TabbyMumz · 10/02/2018 09:34

Why do they need tummy time? Does that not make them uncomfortable, frustrated and upset?

hibbledibble · 10/02/2018 09:39

lrd thank you for such a helpful and non-patronising point Hmm

There is a difference between a newborn and a several day old baby, and the reason given for not helping was short staff, rather than not bathing a newborn.

A discussion on what to do with a first time mother who asked would have been helpful, if they couldn't help with a demonstration. The point was I asked for help, and didn't get any because of the ward being short staffed.

Evelynismycatsformerspyname · 10/02/2018 09:46

Tabby tummy time helps build neck, back and arm muscles (for crawling and generally) and avoids flat head syndrome and tightening of the neck muscles, which have become a problem for more babies since babies started sleeping on their backs. Babies lying on their tummies also track moving objects with their eyes and by turning their heads more than when lying on their backs.

Obviously if they don't have tummy time they'll probably still be fine, but it's certainly a positive thing to do for a bit each day as long as it doesn't make the baby very upset.

It's not a crazy new idea which "we managed perfectly well without in our day" because babies used to be put to sleep on their tummies, so automatically woke up in that position and had tummy time by default til picked up.
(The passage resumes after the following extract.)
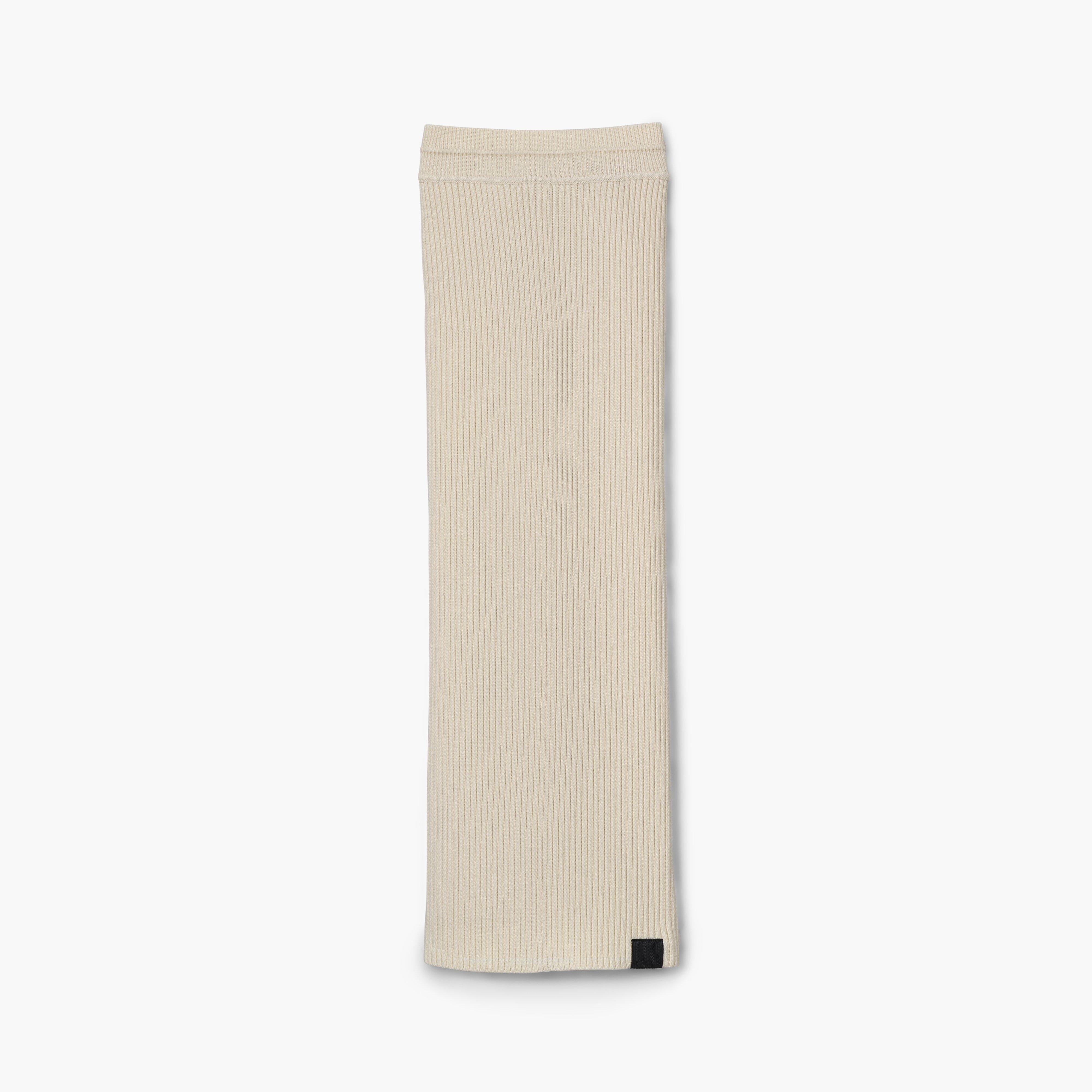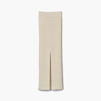 Streamlined and sleek, this ribbed midi skirt is made from luxuriously soft merino wool and finished with our tonal barcode patch at back. Style with the season's separates to complete the look. 2R3RBT001K02 FEATURES 100% merino wool Rib trim waistband Tonal leather barcode patch Exposed hand linking seams at center front and back High slit at center back

Sparklingbrook · 10/02/2018 09:50

My two slept on their backs as per instructions and no tummy time as I was never told to and had not heard of it. There have been no ill effects.
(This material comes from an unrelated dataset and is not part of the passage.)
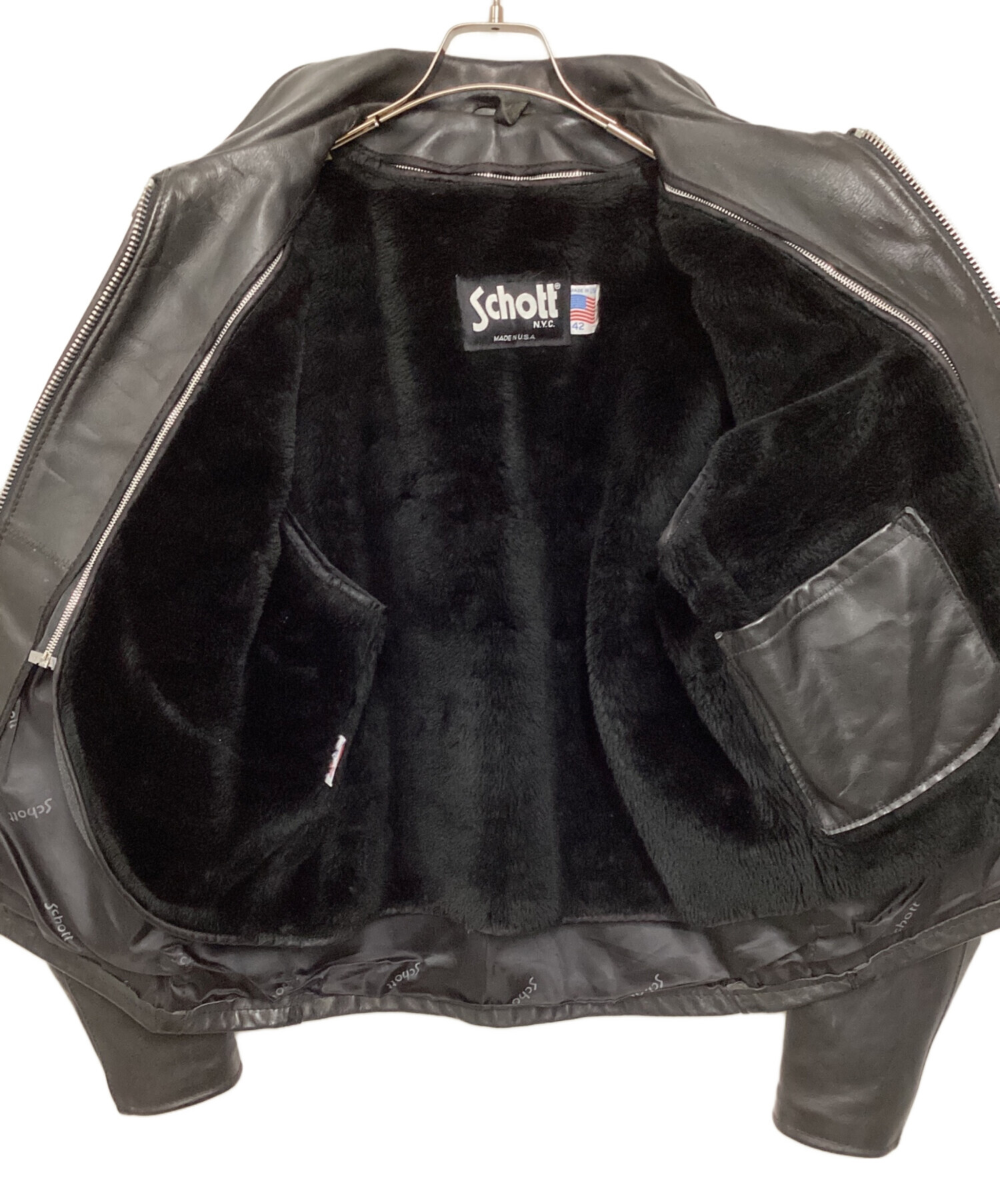 • Schott(ショット)Schott (ショット) ボアライナー付シングルライダースジャケット ブラック サイズ:42の古着・服飾アイテム クスミ有

grannytomine · 10/02/2018 09:51

When I went to an ante natal group with my 2nd I was the first to have my baby. So one week I was one of the pregnant women, next day I gave birth and the following week I was back at the group with a week old baby. One of the women asked if she could hold the baby, I said of course and she asked me what to do. Now having grown up in a large Catholic family I was puzzled and she said she had never held a baby and would really like to before her baby was born. Somehow I don't think she was likely to immediately feel OK about bathing a baby when she found holding one so frightening.
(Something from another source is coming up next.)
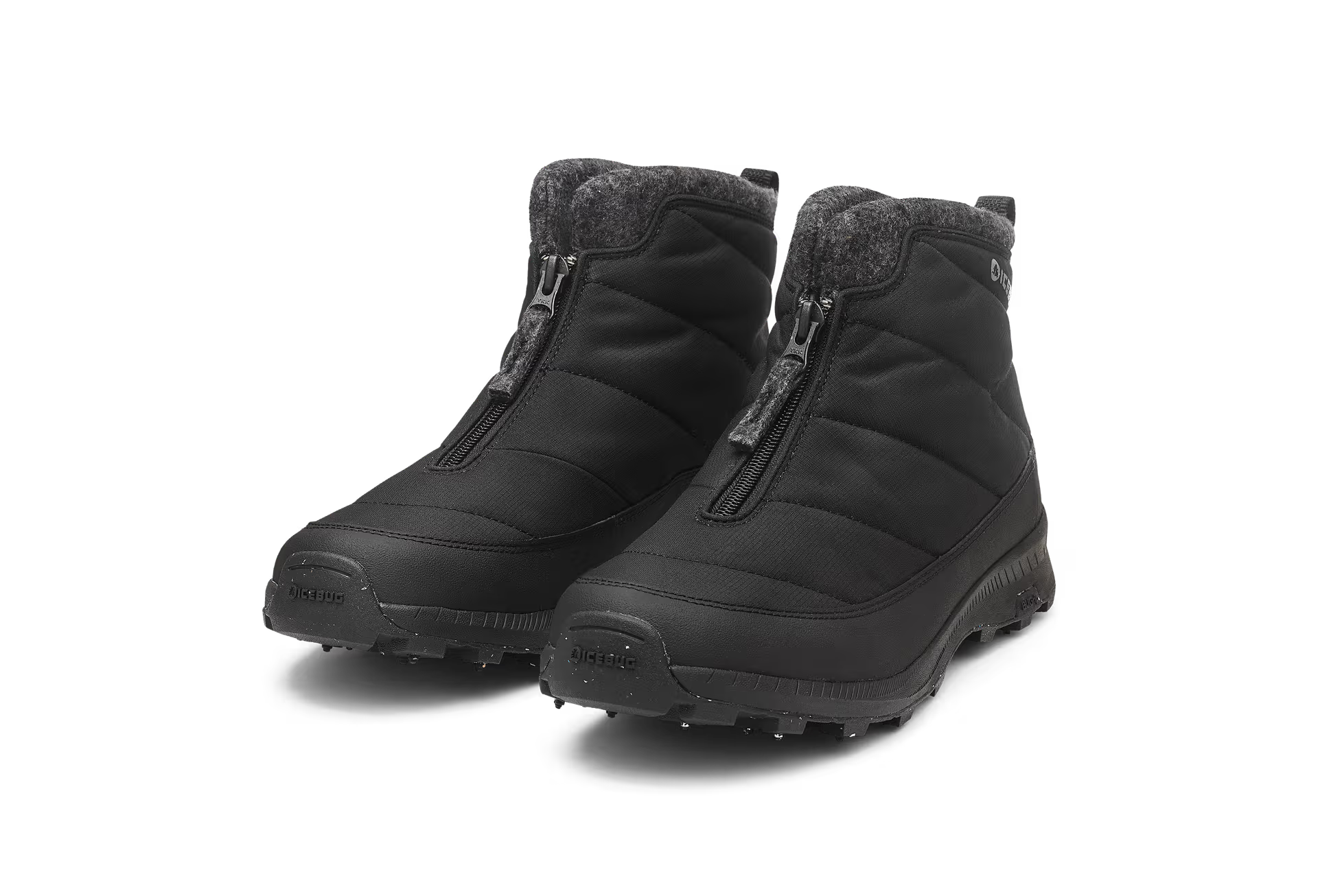 The shoe's zipper is located at the front, making it easy to put on and take off. Under the sole, you'll find Icebug's dynamic steel studs BUGrip, which allows you to walk relaxed on ice and comfortably on sidewalks and other hard surfaces.

Evelynismycatsformerspyname · 10/02/2018 09:57

I'm sure Sparkling - it's something that can happen, not something that automatically happens.

Out of the big antenatal class I went to when expecting dc1 13 years ago there was one baby at our get together 6 months after the classes finished who needed a helmet to reshape her flat head. She'd was a brilliant sleeper who hated tummy time. My terrible sleeper who hated tummy time was fine... Possibly because she spent half the night being held! Who knows.

We met up with a lot of the group last summer and that baby is now 13 and as you say hasno I'll effects. She did have a flat head which needed a helmet as a baby though! And her mum did actively do tummy time with her brothers!

It's like the "I traveled in the boot of the hatchback car as a kid and I survived unscathed" argument. I did that - doesn't mean it's a good idea!

LRDtheFeministDragon · 10/02/2018 09:58

hibble - ok, sorry!

DD is 10 months, and I know what over-full wards are like. DP had an emergency section, lost a lot of blood, and DD went septic. No one did anything whatsoever.

I was going for lighthearted with the 'don't immerse product' just because, of all the things you have to figure out how to do, bathing a baby comes very low down the list, doesn't it?!

LRDtheFeministDragon · 10/02/2018 10:00

Oh, and you know, for some of us it is helpful to know they don't recommend bathing new babies any more ... but there we go.

HamishBamish · 10/02/2018 10:02

DH was fed carnation milk when he was a baby. I was formula fed, but bottles were made up once a day and kept in the fridge. My dad used to do it before he left for work each day.

Disposable nappies are a big one I think. Car seats too. I was just put on wh back seat of the car in the bassinet of the prom, no seatbelt or anything! Vaccinations and improvements in healthcare in general.